◆ Available data
┄┄┄┄┄┄┄┄┄┄┄┄┄┄┄┄┄┄┄┄

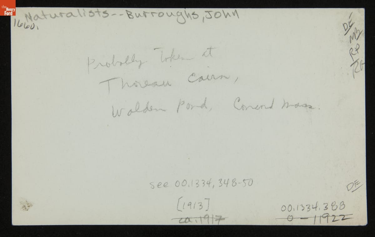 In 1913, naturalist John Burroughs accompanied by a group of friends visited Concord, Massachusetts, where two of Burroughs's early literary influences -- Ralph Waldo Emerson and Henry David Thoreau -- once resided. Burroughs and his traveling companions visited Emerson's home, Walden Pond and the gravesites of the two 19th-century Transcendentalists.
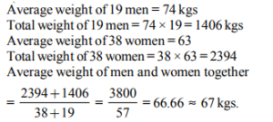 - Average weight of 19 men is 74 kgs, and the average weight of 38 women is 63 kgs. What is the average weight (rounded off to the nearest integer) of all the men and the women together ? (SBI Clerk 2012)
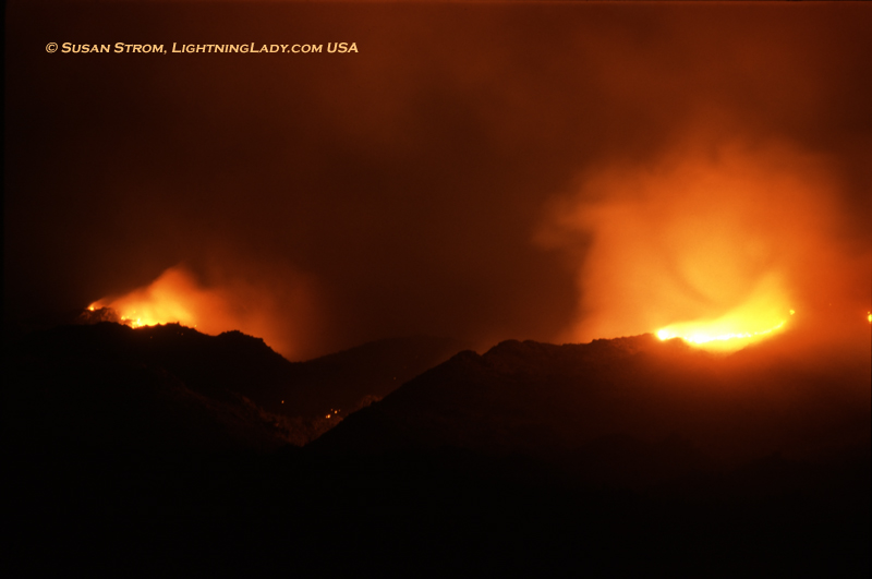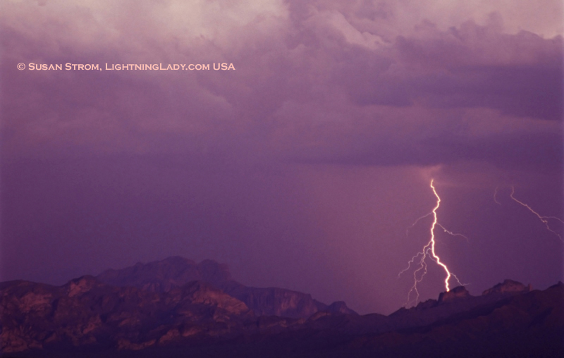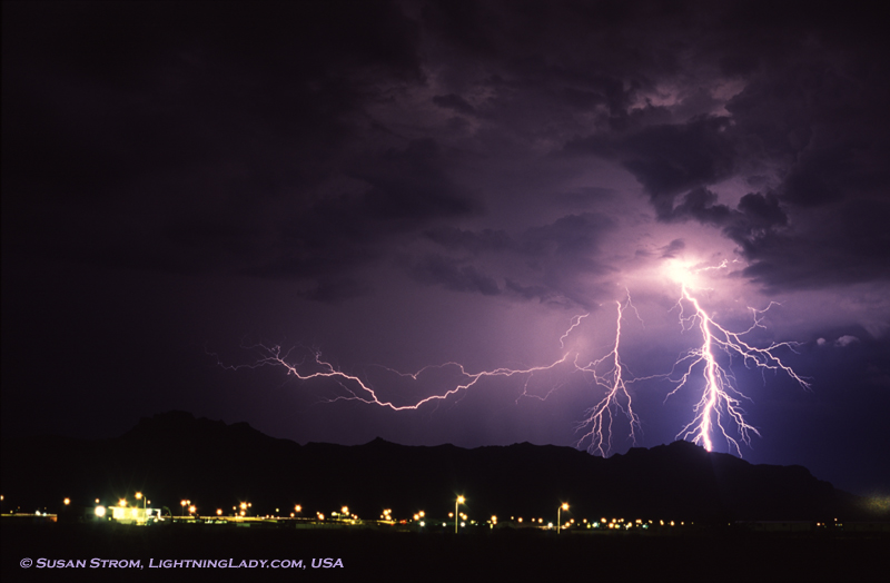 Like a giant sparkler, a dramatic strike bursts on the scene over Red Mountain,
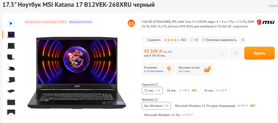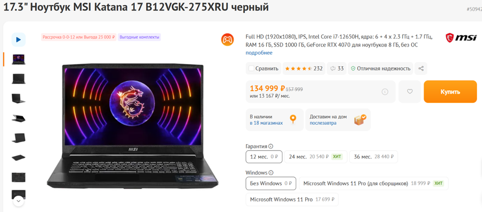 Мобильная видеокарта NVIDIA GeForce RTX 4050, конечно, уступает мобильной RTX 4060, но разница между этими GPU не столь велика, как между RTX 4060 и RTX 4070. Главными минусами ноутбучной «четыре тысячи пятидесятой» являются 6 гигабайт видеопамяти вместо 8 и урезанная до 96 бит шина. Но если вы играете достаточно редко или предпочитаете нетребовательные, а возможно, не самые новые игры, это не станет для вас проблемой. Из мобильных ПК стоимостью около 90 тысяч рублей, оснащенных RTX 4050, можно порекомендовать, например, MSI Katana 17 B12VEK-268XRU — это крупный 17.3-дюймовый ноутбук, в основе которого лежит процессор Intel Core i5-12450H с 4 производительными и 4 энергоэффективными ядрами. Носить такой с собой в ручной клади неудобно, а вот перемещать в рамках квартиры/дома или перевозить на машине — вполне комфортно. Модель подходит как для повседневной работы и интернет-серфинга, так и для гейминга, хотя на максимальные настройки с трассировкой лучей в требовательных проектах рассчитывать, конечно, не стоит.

┄┄┄┄┄┄┄┄┄┄┄┄┄┄┄┄┄┄┄┄

◆ What to work on
Please print the data above in its entirety, exactly, but without any picture.

◆ Response box
 In 1913, naturalist John Burroughs accompanied by a group of friends visited Concord, Massachusetts, where two of Burroughs's early literary influences -- Ralph Waldo Emerson and Henry David Thoreau -- once resided. Burroughs and his traveling companions visited Emerson's home, Walden Pond and the gravesites of the two 19th-century Transcendentalists.
 - Average weight of 19 men is 74 kgs, and the average weight of 38 women is 63 kgs. What is the average weight (rounded off to the nearest integer) of all the men and the women together ? (SBI Clerk 2012)
 Like a giant sparkler, a dramatic strike bursts on the scene over Red Mountain,
 Мобильная видеокарта NVIDIA GeForce RTX 4050, конечно, уступает мобильной RTX 4060, но разница между этими GPU не столь велика, как между RTX 4060 и RTX 4070. Главными минусами ноутбучной «четыре тысячи пятидесятой» являются 6 гигабайт видеопамяти вместо 8 и урезанная до 96 бит шина. Но если вы играете достаточно редко или предпочитаете нетребовательные, а возможно, не самые новые игры, это не станет для вас проблемой. Из мобильных ПК стоимостью около 90 тысяч рублей, оснащенных RTX 4050, можно порекомендовать, например, MSI Katana 17 B12VEK-268XRU — это крупный 17.3-дюймовый ноутбук, в основе которого лежит процессор Intel Core i5-12450H с 4 производительными и 4 энергоэффективными ядрами. Носить такой с собой в ручной клади неудобно, а вот перемещать в рамках квартиры/дома или перевозить на машине — вполне комфортно. Модель подходит как для повседневной работы и интернет-серфинга, так и для гейминга, хотя на максимальные настройки с трассировкой лучей в требовательных проектах рассчитывать, конечно, не стоит.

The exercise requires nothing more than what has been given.